Showing results for 
Search instead for 
Did you mean: 
cancel
Start a conversation
1738
Views
0
Helpful
6
Replies

IE-3200 and 802.1x not working.

Go to solution
j.leinonen
Level 1
Level 1

‎01-07-2022 04:19 AM

Hi,

I have a problem with IE-3200 and 802.1x where I try to authenticate PC with certificate via Windows NPS in server side. IOS XE version is 17.6.2, I had originally version 16.12.4, but I did upgrade as it was not working there, but no help.
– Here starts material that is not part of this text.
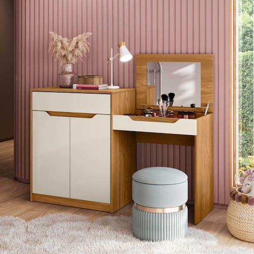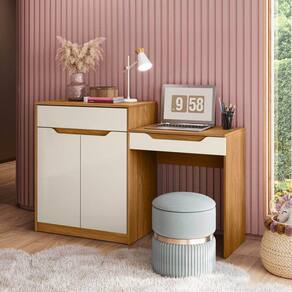 A Penteadeira Escrivaninha Bambolê é um móvel versátil, que proporciona ao seu usuário a melhor organização do ambiente e pode facilitar a sua rotina. Ao abrir o seu tampo basculante com pistão a gás, divisórias internas e espelho, ele se torna uma linda penteadeira, enquanto fechado uma excelente escrivaninha, possui ainda um armário lateral com gaveta e prateleira, e o melhor de tudo é adequado a ergonomia. Acabamento da Porta: Pintura UV Acabamento da Prateleira: Pintura UV Acompanha Banqueta: Não Altura do Espelho: 36 Ambiente Principal: Quarto Infantil Complexidade da Montagem: Alta: deve ser montado por um montador especializado Cor: Carvalho Grife/Off White Cor do Produto: Carvalho Grife/Off White Cor Interna: Carvalho Grife Escala de Brilho: Semi-Brilho Escala de Brilho da Porta: Semi-Brilho Escala de Brilho da Prateleira: Fosco Espessura do Espelho: 3 Formato do Espelho: Retangular Itens Inclusos: 1 Penteadeira, Kit Ferragens e Manual de Montagem Largura do Espelho: 45 Linha ou Coleção: Albatroz Manual de Especificação Técnica: https://cdn2.madeiramadeira.com.br/atributo/albatroz-moveis/1556634-esquema-181-penteadeira-escrivaninha-bambolE.pdf Manual de Montagem e Instalação: https://cdn2.madeiramadeira.com.br/atributo/albatroz-moveis/1556847-esquema-181-penteadeira-escrivaninha-bambolE.pdf Material da Porta: MDP Material da Prateleira: MDP Material dos Pés: MDP Material Principal: MDP Necessita Montagem: Sim Origem do Produto: Nacional Peso: 41.6 Peso Máximo por Prateleira: 5 Possui iluminação: Não Possui Moldura: Não Possui Pés: Rodapé Possui Porta Objetos: Sim Possui Portas: 02 Possui Prateleiras: 01 Possui Rodízio: Não Possui Vidro: Não Quantidade de Espelho: 01 Recomendações de Uso, Manutenção e Limpeza: Limpar com flanela ou pano macio seco, não utilizar produtos abrasivos, desengordurantes, álcool ou solvente. Não expor o produto diretamente á luz solar e á umidade. Sapatas Niveladoras: Não Sistema de Montagem: Parafusos, cavilhas e minifix Suporta Até (kg): 33 Tampo Basculante: Sim Tipo de Dobradiça/Corrediça da Porta: Metálica Tipo de Fixação do Espelho: Parafusos Tipo de Porta: Bater Tipo de Puxador da Porta: Embutido Ean: 7909903441497

Same config & setup and Certificate authentication works ok with IE-4000 switch with Lan Base image, but not with IE-3200.

 

I have this kind of config in place (I have more aaa config for switch authentication via radius but removed those)!
aaa authorization network default group test-1x-radius
aaa accounting dot1x default start-stop group test-1x-radius
!
radius server test-radius-1
address ipv4 x.x.x.x auth-port 1812 acct-port 1813
key <key omitted>
!
radius server test-radius-2
address ipv4 y.y.y.y auth-port 1812 acct-port 1813
key <key omitted>
!
radius-server dead-criteria time 10 tries 3
no radius-server vsa send authentication
!
!
aaa group server radius test-1x-radius
server name test-radius-1
server name test-radius-2
ip radius source-interface Vlanxxx
!
aaa new-model
aaa session-id common
!
dot1x system-auth-control
!
!
interface GigabitEthernet1/4
description Client-to_be_authenticated
switchport access vlan xxx
switchport mode access
authentication port-control auto
dot1x pae authenticator
!
ip route 0.0.0.0 0.0.0.0 w.x.y.z name default_via_router_towards_Radius

 

I have all these debukking on:

#sh debugging
General OS:
AAA Authentication debugging is on
AAA Authorization debugging is on

Conditional Debug Global State: Stop

Packet Infra debugs:

Ip Address Port
------------------------------------------------------|----------

Radius protocol debugging is on
Radius packet protocol debugging is on
Radius table debugging is on
Auth Manager:
Auth Manager errors debugging is on
Auth Manager events debugging is on
Auth Manager detailed debugs debugging is on
Auth Manager sync debugging is on
dot1x:
Dot1x registry info debugging is on
Dot1x redundancy info debugging is on
Dot1x packet info debugging is on
Dot1x events debugging is on
Dot1x State machine transitions and actions debugging is on
Dot1x Errors debugging is on
Dot1x Supplicant EAP-FAST debugging is on
Dot1x Manager debugging is on
Dot1x Supplicant State Machine debugging is on

 

BUT this in only thing what comes to log (with IE400 debugginh shows much more):

*Nov 16 13:36:12.345: %DOT1X-5-FAIL: R0/0: sessmgrd: Authentication failed for client (xxxx.xxxx.xxxx) with reason (Timeout) on Interface Gi1/4 AuditSessionID 000000000000000B28E08706
*Nov 16 13:36:12.346: %SESSION_MGR-5-FAIL: R0/0: sessmgrd: Authorization failed or unapplied for client (xxxx.xxxx.xxxx) on Interface GigabitEthernet1/4 AuditSessionID 000000000000000B28E08706. Failure reason: Authc fail. Authc failure reason: Timeout.

 

#sh dot1x all det
Sysauthcontrol Enabled
Dot1x Protocol Version 3

Dot1x Info for GigabitEthernet1/4
--------------------------------------------
PAE = AUTHENTICATOR
QuietPeriod = 60
ServerTimeout = 0
SuppTimeout = 30
ReAuthMax = 2
MaxReq = 2
TxPeriod = 30

Dot1x Authenticator Client List
-------------------------------

EAP Method = (0)
Supplicant = xxxx.xxxx.xxxx
Session ID = 050114AC0000001028F80CBE
Auth SM State = AUTHENTICATING
Auth BEND SM State = REQUEST

 

Am I missing some additional config at IE-3200?

Labels:
0 Helpful
1 Accepted Solution

Accepted Solutions

Go to solution
j.leinonen
Level 1
Level 1
In response to j.leinonen

‎01-12-2022 11:26 PM

Hi all,

 

Just to followup my own topic as there where no additional comments.

We got this working.

At NPS side we adjusted at Network Policy Framed-MTU  to 1344 and it started to work via IE-3200 too.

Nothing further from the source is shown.